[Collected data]
>>
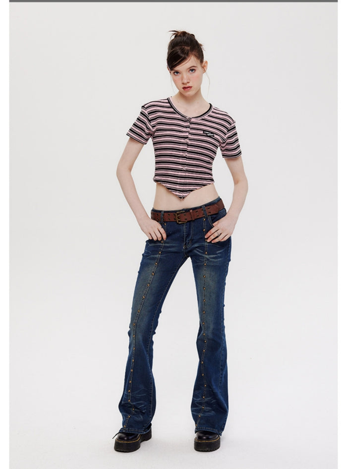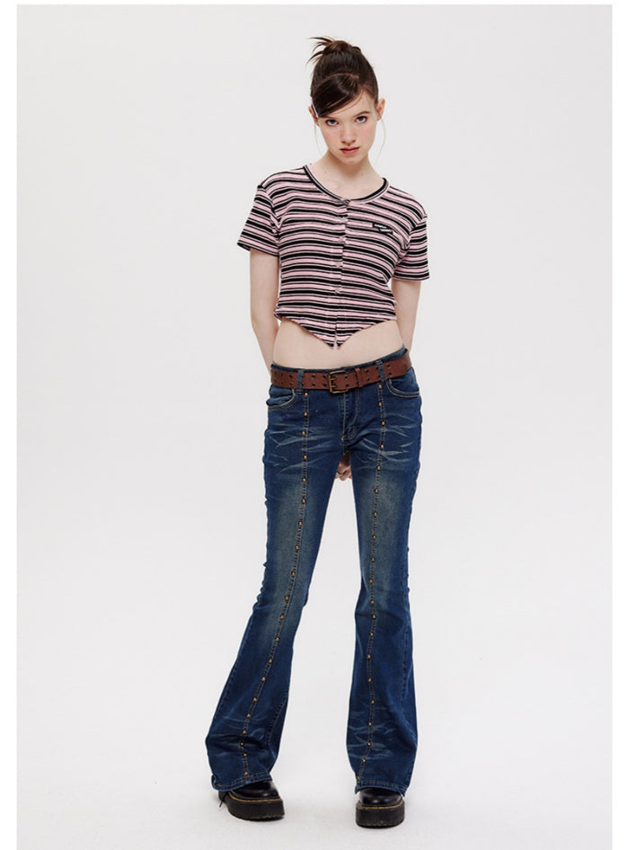 Burst onto the scene with boutique chic in this playful striped t-shirt. The black and white stripes make a bold statement, while the front button details add a unique fashion-forward touch. The cropped cut allows you to show off your midriff with confidence, and the soft, stretchable fabric offers all-day comfort. Whether you're heading to a casual lunch or an evening out with friends, this tee is sure to turn heads and become a beloved staple in your wardrobe.
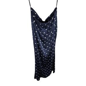 Retrofete Darla Maxi Skirt Silk Blend Polka Dot Statement Navy White Size L
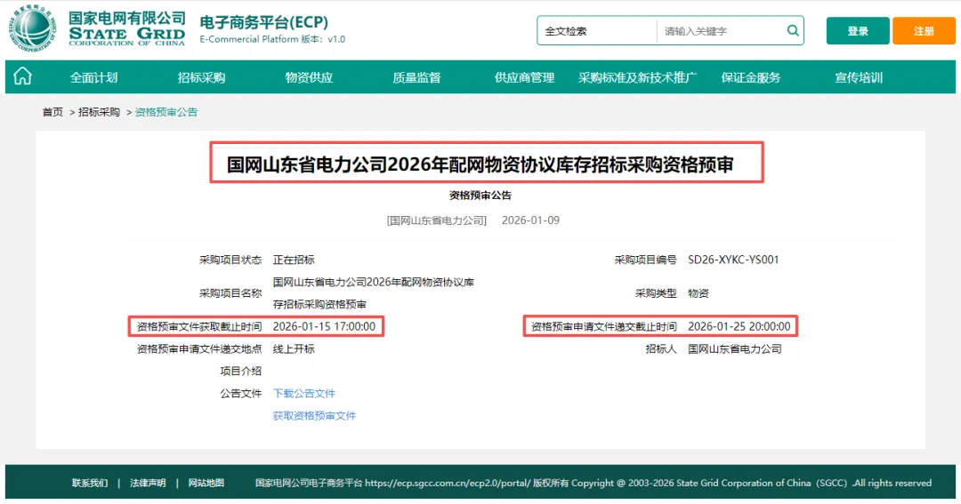 国网山东省电力公司2026年配网物资协议库存招标采购的相关品类采用资格预审方式进行,本次预审结果有效期为预审结果发布之日起至2026年12月31日。在此期间,国网山东省电力公司2026年配网物资协议库存招标采购相应物资类别仅接受资格预审合格的申请人参加投标。在此,特邀请有意愿的潜在申请人(以下简称申请人)提出资格预审申请。
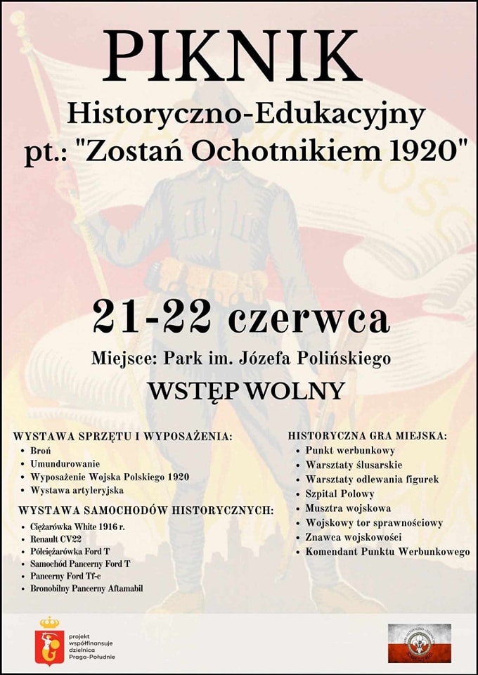 W dniach 21-22 czerwca 2025 r. zapraszamy do parku im. Józefa Polińskiego na Piknik Historyczno-Edukacyjny pn."Zostań ochotnikiem 1920". Bezpłatne wydarzenie odbędzie się w godzinach 12.00 - 17.00.
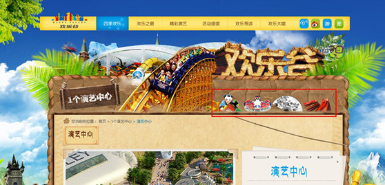 天津欢乐谷目前尚处于是品牌建设初期,大众品牌认知度较低,因此在网站创意设计中,唐宋中国巧妙融入了许多基于交互分享能力以及形成游客引导式传播体系的元素功能,帮助
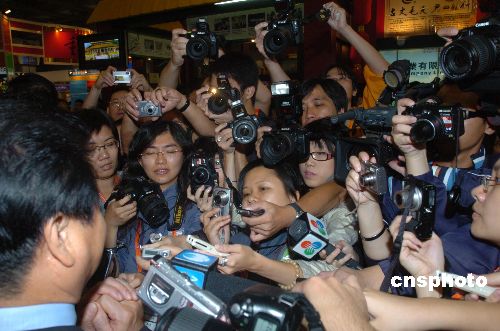 十月十八日,众多媒体记者在威尼斯人会展中心举行的第十二届澳门国际贸易投资展览会(MIF)上,争抢采访某省的负责人。规模宏大,盛况空前的第十二届澳门国际贸易投资展览会(MIF),以努力打造成国际贸易平台为己任,引起了新闻媒体的极大关注。中新社发 史利 摄
<<
• _Assignment_: Your copy should begin at the line containing "天津欢乐谷目前尚处于是品牌建" and end at the last line of the data above, matching each line exactly and holding no pictures.

• _Result of this task_:
 天津欢乐谷目前尚处于是品牌建设初期,大众品牌认知度较低,因此在网站创意设计中,唐宋中国巧妙融入了许多基于交互分享能力以及形成游客引导式传播体系的元素功能,帮助
 十月十八日,众多媒体记者在威尼斯人会展中心举行的第十二届澳门国际贸易投资展览会(MIF)上,争抢采访某省的负责人。规模宏大,盛况空前的第十二届澳门国际贸易投资展览会(MIF),以努力打造成国际贸易平台为己任,引起了新闻媒体的极大关注。中新社发 史利 摄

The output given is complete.